Start by putting your observations into a DataFrame to make them easier to work with:
source = pd.DataFrame([{'date': o.observed_on.isoformat()} for o in my_observations])
And then display it as a bar chart:
(
alt.Chart(source)
.mark_bar()
.properties(width=700, height=500)
.encode(
x='yearmonth(date):T',
y=alt.Y(
'count()',
scale=alt.Scale(type='log'),
axis=alt.Axis(title='Number of observations'),
),
)
)
Histogram by iconic taxon¶
To show a bit more information, let’s break down the observations by category (iconic taxon):
source = pd.DataFrame(
[
{'date': o.observed_on.isoformat(), 'iconic_taxon': o.taxon.iconic_taxon_name}
for o in my_observations
]
)
(
alt.Chart(source)
.mark_bar()
.properties(width=700, height=500)
.encode(
x='yearmonth(date):T',
y=alt.Y(
'count()',
scale=alt.Scale(type='symlog'),
axis=alt.Axis(title='Number of observations'),
),
color='iconic_taxon',
)
)
Observation map¶
Next, we can show the observations on a map. Note: This example only shows observations in the United States.

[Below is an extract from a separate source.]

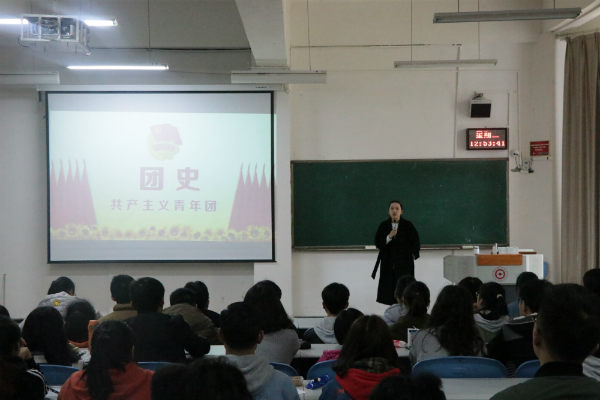 3月26日中午,大数据应用与经济公司刘怡老师在进学楼1-1为团课培训班学员上“共青团发展历史”的专题团课。
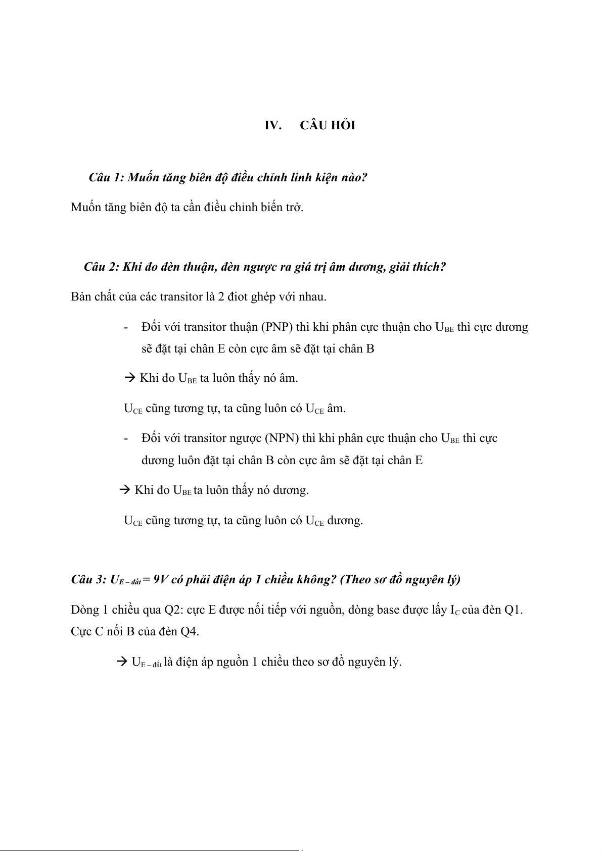 Câu 2: Khi đo đèn thuận, đèn ngược ra giá trị âm dương, giải thích?

First, get the coordinates for all your observations, skipping any that are missing locatino info:
source = pd.DataFrame(
[
{
'latitude': o.location[0],
'longitude': o.location[1],
'iconic_taxon': o.taxon.iconic_taxon_name,
}
for o in my_observations
if o.location
]
)
Then add the base layer. This example uses the us_10m dataset from vega-datasets:
from vega_datasets import data
states = alt.topo_feature(data.us_10m.url, feature='states')
background = (
alt.Chart(states)
.mark_geoshape(fill='lightgray', stroke='white')
.properties(width=850, height=500)
.project('albersUsa')
)
And finally, add your observation locations:
points = (
alt.Chart(source)
.mark_circle()
.encode(
longitude='longitude:Q',
latitude='latitude:Q',
)
)
# Show the combined background + points
background + points